[Prompt] Starting at the first line and ending at the one with "Tazón de cáscara", give the lines of the listing again exactly, and nothing else; skip the pictures.

[Given data]
************
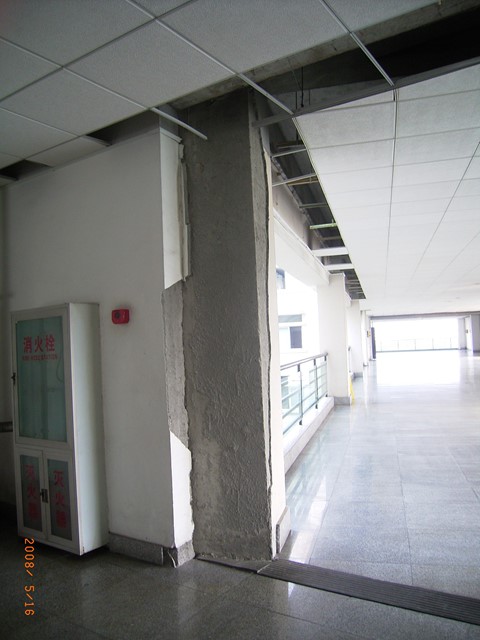 次いで、写真4は、同じく最上階の5階部分です。両者をご覧のように、回廊の柱・校舎の接合部分で、2階では回廊側の柱のモルタルが見事に剥離落下してしまい、5階では剥離で両者の接合に隙間が出来外が見える状態になっています。また、両者とも天井版が相当破損・落下したことが分かります。やはり接合部として振動が厳しかったことが分かります。
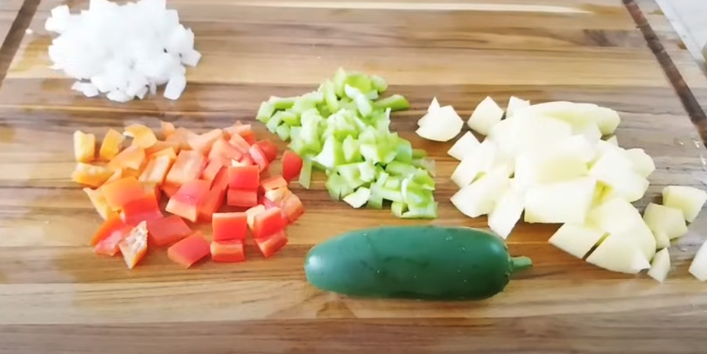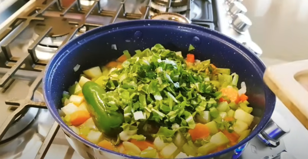 Umyj i pokrój wszystkie warzywa zgodnie z opisem powyżej. Rozgrzej oliwę z oliwek na dużej patelni na średnim ogniu. Dodaj posiekaną cebulę i smaż przez 2-3 minuty, aż stanie się przezroczysta. Dodaj pokrojone marchewki i ziemniaki, smaż przez kolejne 5 minut, mieszając od czasu do czasu. Dodaj pokrojone zieloną i czerwoną paprykę oraz boćwinę do patelni. Mieszaj i smaż przez 3-4 minuty, aż warzywa lekko zmiękną.
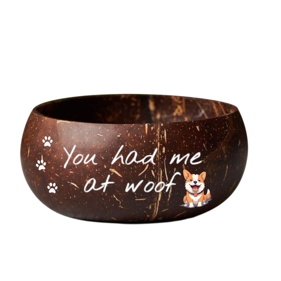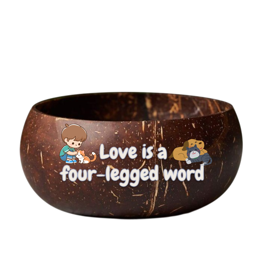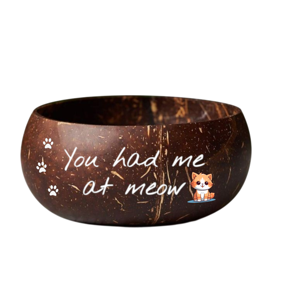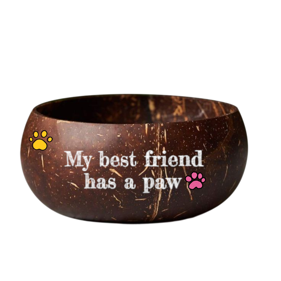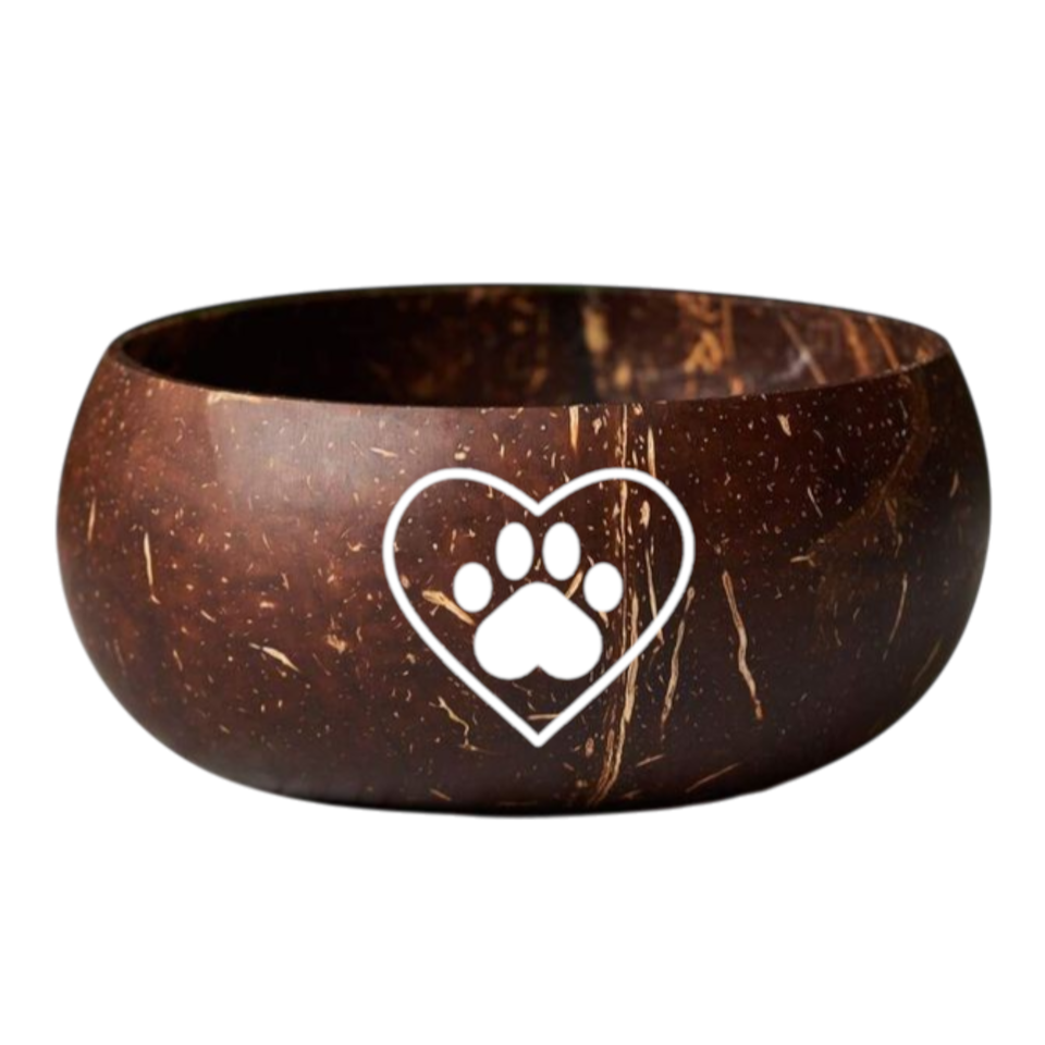 Tazón de cáscara de coco hecho a mano de la mejor opción de alta calidad con arte impreso, decoración única para amantes de las mascotas, estilo bonito, regalo sostenible para el hogar
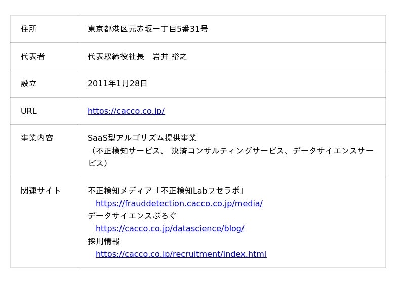 Caccoは、「未来のゲームチェンジャーの『まずやってみよう』をカタチに」という経営ビジョンを掲げ、セキュリティ・ペイメント・データサイエンス技術をもとに、アルゴリズム及びソフトウエアを開発・提供し企業の課題解決やチャレンジを支援することを目指しております。 オンライン取引における「不正検知サービス」を中核サービスとして位置づけ、不正会員登録/不正ログインから不正注文対策まで対応可能な国内での導入実績数No.1の不正検知サービス「O-PLUX」や金融機関や会員サイトにおける情報漏洩対策の不正ログイン検知サービス「O-MOTION」、フィッシング対策サービス等を提供しております。
************
[Output]
 次いで、写真4は、同じく最上階の5階部分です。両者をご覧のように、回廊の柱・校舎の接合部分で、2階では回廊側の柱のモルタルが見事に剥離落下してしまい、5階では剥離で両者の接合に隙間が出来外が見える状態になっています。また、両者とも天井版が相当破損・落下したことが分かります。やはり接合部として振動が厳しかったことが分かります。
 Umyj i pokrój wszystkie warzywa zgodnie z opisem powyżej. Rozgrzej oliwę z oliwek na dużej patelni na średnim ogniu. Dodaj posiekaną cebulę i smaż przez 2-3 minuty, aż stanie się przezroczysta. Dodaj pokrojone marchewki i ziemniaki, smaż przez kolejne 5 minut, mieszając od czasu do czasu. Dodaj pokrojone zieloną i czerwoną paprykę oraz boćwinę do patelni. Mieszaj i smaż przez 3-4 minuty, aż warzywa lekko zmiękną.
 Tazón de cáscara de coco hecho a mano de la mejor opción de alta calidad con arte impreso, decoración única para amantes de las mascotas, estilo bonito, regalo sostenible para el hogar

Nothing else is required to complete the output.